Structurally, podosomes comprise a concentrated core of actin associated with actin regulatory proteins such as Arp2/3, WASp/N-WASp, cortactin, myosin, dynamin, gelsolin, and cofilin that contribute in their dynamic behavior, and the scaffolding protein and Src substrate Tks5 that constitutes a reliable podosome marker. Around the central core, integrins, adaptors and signaling proteins amongst which FAK, vinculin, talin and paxillin form an adhesive ring domain. Recent studies have now shown that acto-myosin filaments radiating from the dense F-actin cores interconnect podosomes and enable collective behavior. Podosomes also contain metalloproteases (MMPs), transmembrane MMP such as MT1-MMP (MMP14) or membrane associated MMP2 and MMP9, and disintegrin metalloproteinase (ADAMs). With respect to the MMPs. Their presence points towards matrix degradation as the most prominent function of the structures. Thus, MT1-MMP is frequently included as a podosome marker and the ability to proteolyse the underlying extracellular matrix is a key criterion for the identification of podosomes (Fig. 1).
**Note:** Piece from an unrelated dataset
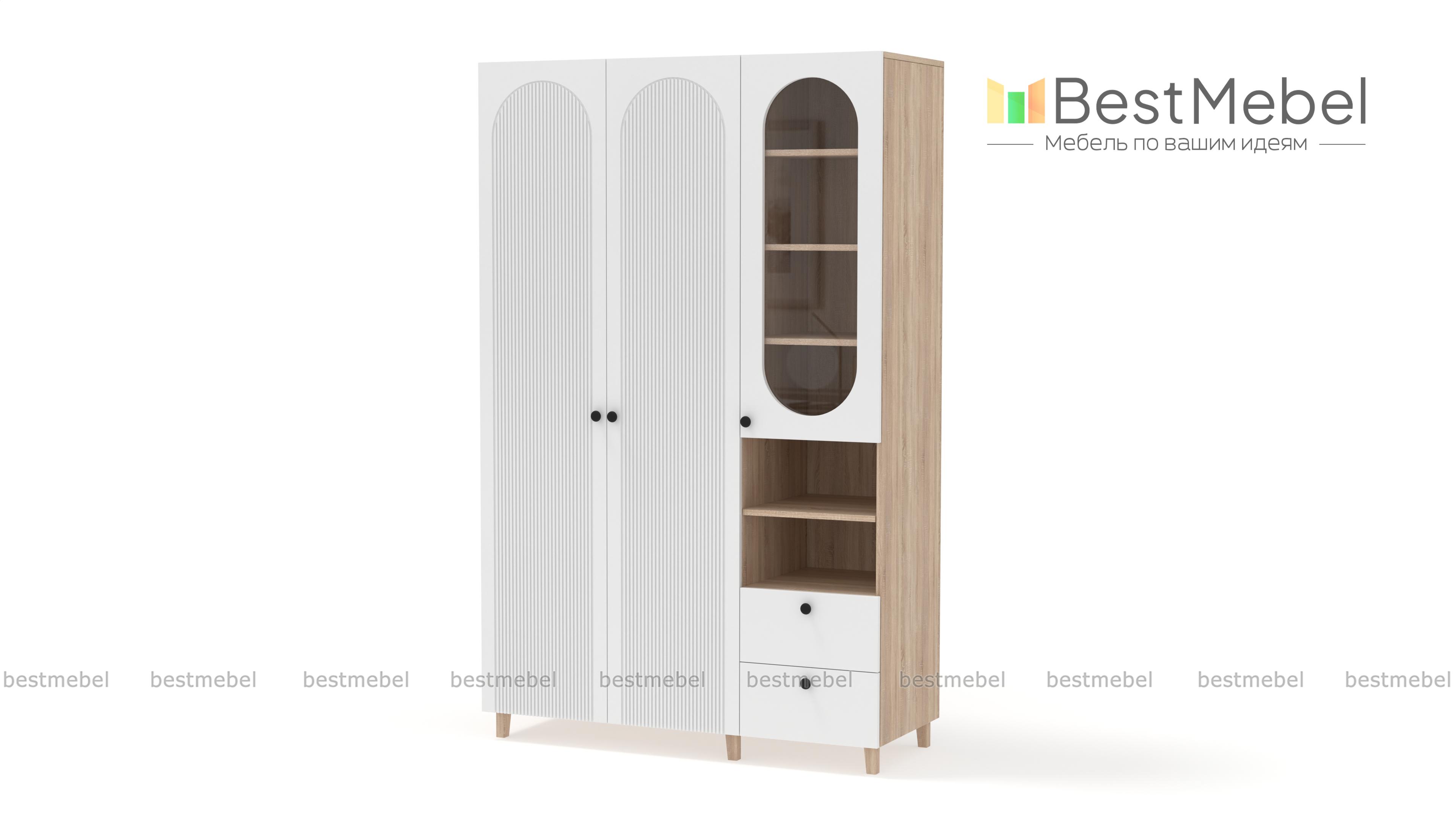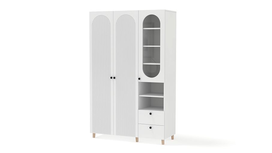 Шкаф распашной Рене 12 BMS обеспечит разные варианты хранения благодаря функциональной конструкции. Слева располагается одежная штанга за распашными дверцами, а справа — застекленные полки, ниши и пара выдвижных ящиков. Высокие ножки добавляют этой элегантной фрезерованной модели в светлом оформлении легкости и «воздушности». Купить шкаф распашной Рене 12 BMS вы сможете недорого на сайте нашего интернет-магазина, подобрав размеры, цвет и фурнитуру.
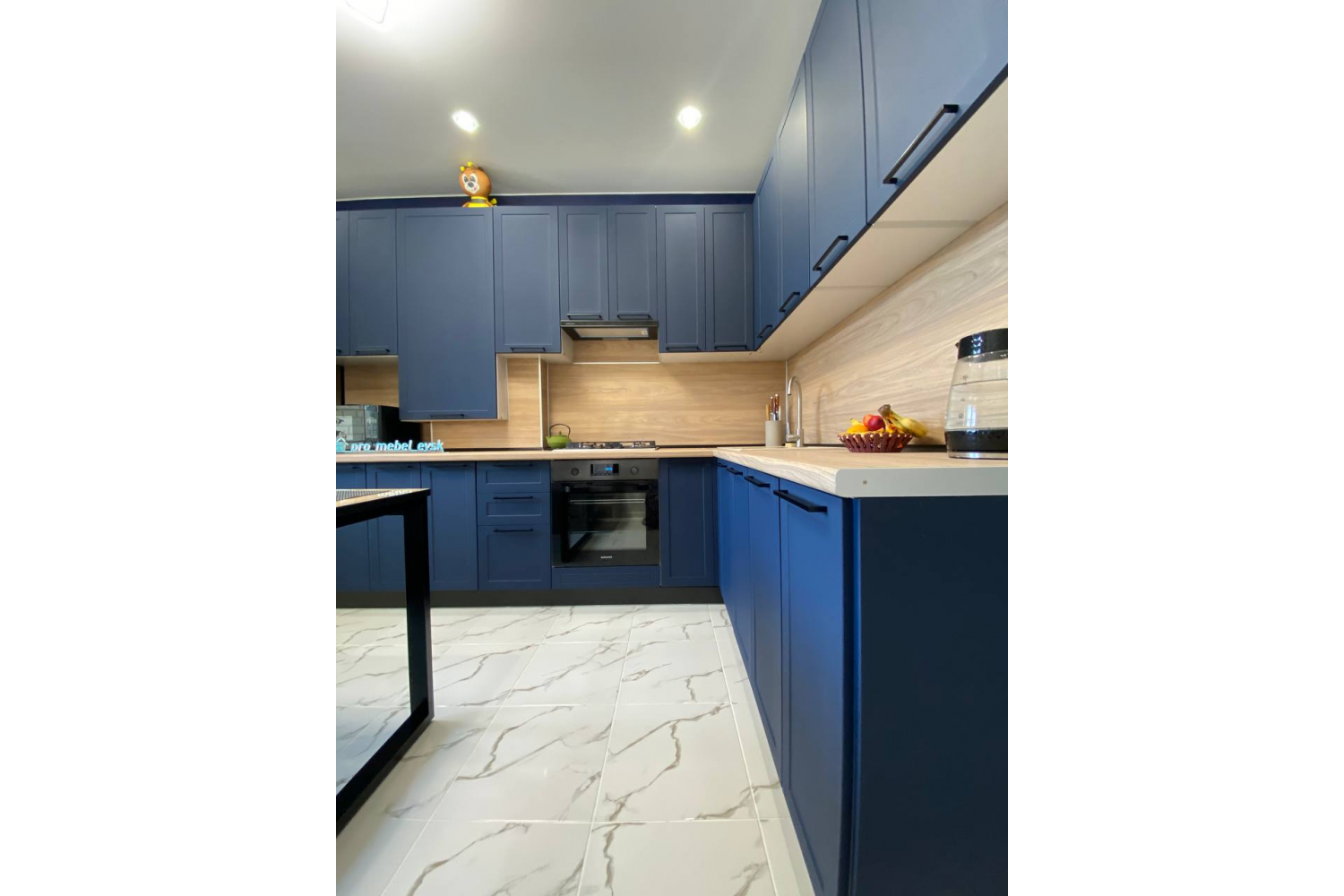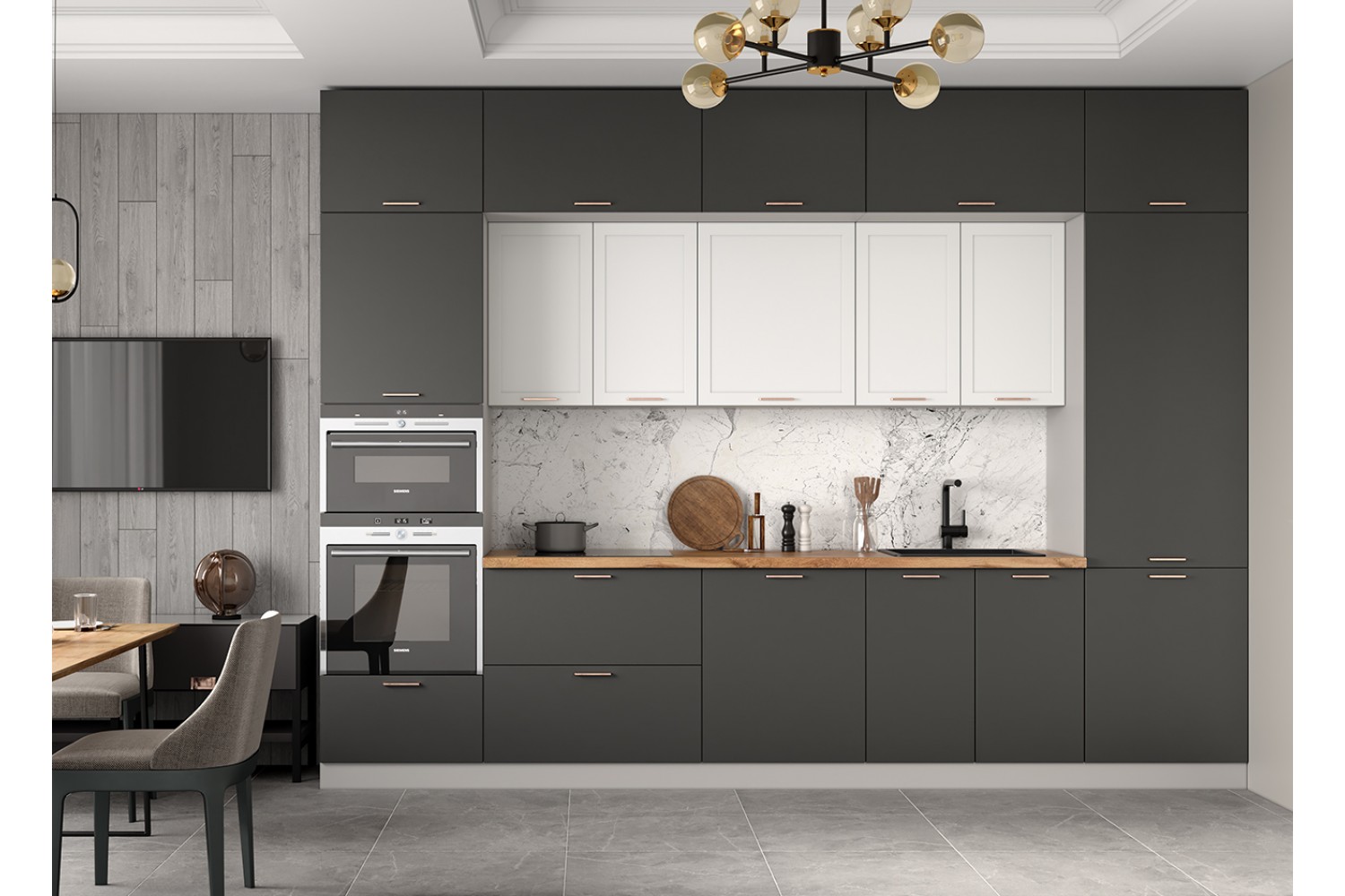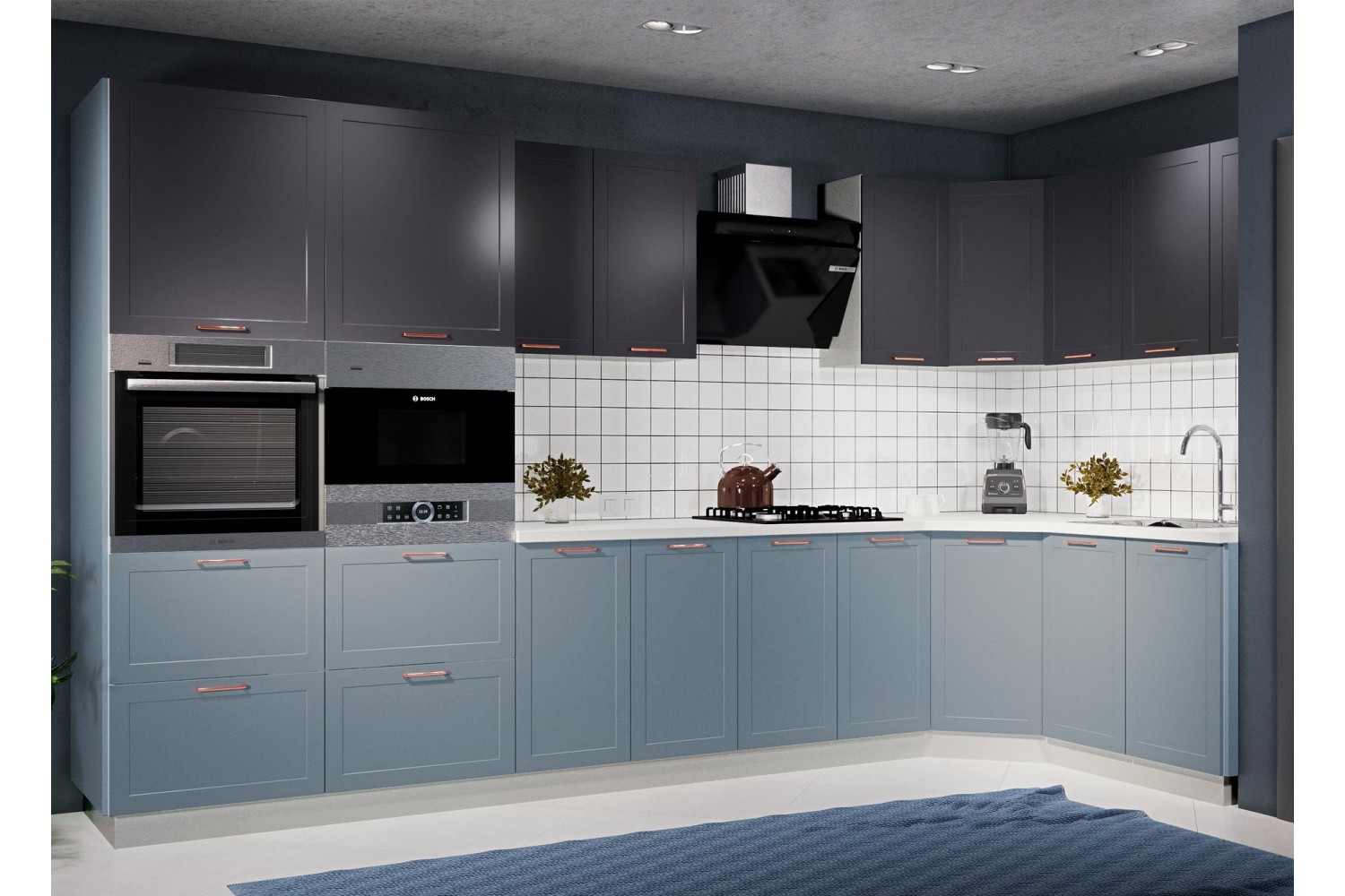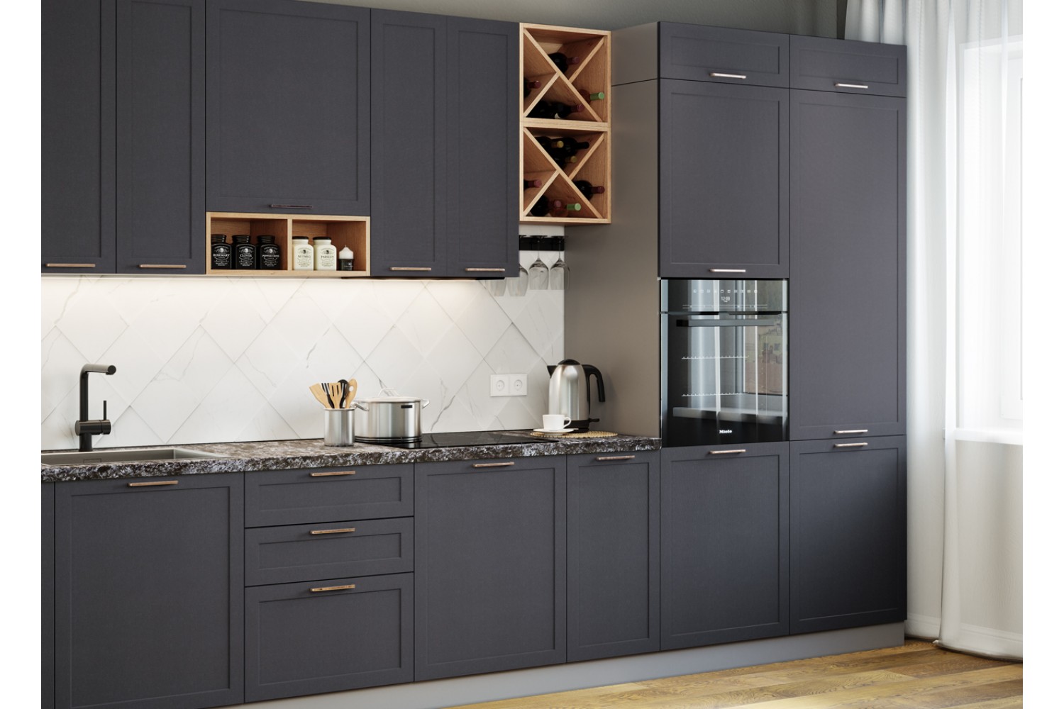 Корпусная кухонная мебель с фасадами глубоких насыщенных оттенков шоколадная кожа и черника легко вольется в модерновую симфонию чистых линий, лаконичных форм и ярких цветовых акцентов.

Podosomes are commonly found in cells of the myelomonocytic lineage where they form most of the cytoskeleton (Fig. 2 a-c). They are also found in tumor cells which hijack the podosome-formation machinery to elaborate structures with slightly distinct features, named invadopodia (Fig. 2d). Invadopodia alter cell behavior and enable tumor cells to cross anatomical boundaries.
The vascular system distributes blood throughout the body. Endothelial cells forms a thin monolayer at the luminal side of all blood vessels from the heart to the smallest capillaries.
All vessels, from big arteries to small capillaries, are lined by endothelial cells (that form the endothelium). These cells rest on a basement membrane, a thin layer of extracellular matrix composed of proteins and glycoaminoglycans (shown as a grey circle in Fig. 3). Major protein components are collagen-IV and laminin, that play a role both in attaching the endothelial cells as well as forming a mechanoresistant structure. The basemement membrane is a barrier that contains and separates the endothelium from the rest of the vessel. At the interface of blood and tissues, endothelial cells occupy a strategic position: they perceive and respond to changes in environmental cues such as matrix composition and/or stiffness, blood flow or oxygen concentrations, and they are in direct contact with hormones, growth factors and cytokines that are distributed via the blood.
However, endothelial cells from large and small vessels display distinct morphologies and properties. They respond to distinct signals, consistent with the fact that both types of vessels have distinct structures and functions (Fig. 3). The aorta is the main artery (the largest vessel, 3.5 cm in diameter that carries blood away from the heart to the rest of the body. Capillaries are the smallest blood vessels, their major role is to exchange gases and metabolites of all sorts. Both large and small vessels display a remarkable plasticity; arteries may widen and tiny vessels may lengthen. In all instances, vessel remodeling requires an important change in cell and matrix composition. We have shown that podosomes take central stage in allowing the endothelial cells to breach the basement membrane thus paving the way for remodeling the vascular bed.
We have discovered podosomes in endothelial cells. When plated on a fluorescent gelatin matrix; podosome activity is visualized as black holes corresponding to matrix proteolysis (Fig. 4) and pictured in (Fig. 1). We are exploring their involvement in vascular plasticity.
Experimentally, podosomes are detected by plating the cells on a fluorescent gelatin matrix; podosome activity is visualized as black holes corresponding to matrix proteolysis as shown in Fig. 4 (and depicted in the scheme (Fig. 1)).
Podosomes are found in endothelial cells originating from small and large vessels.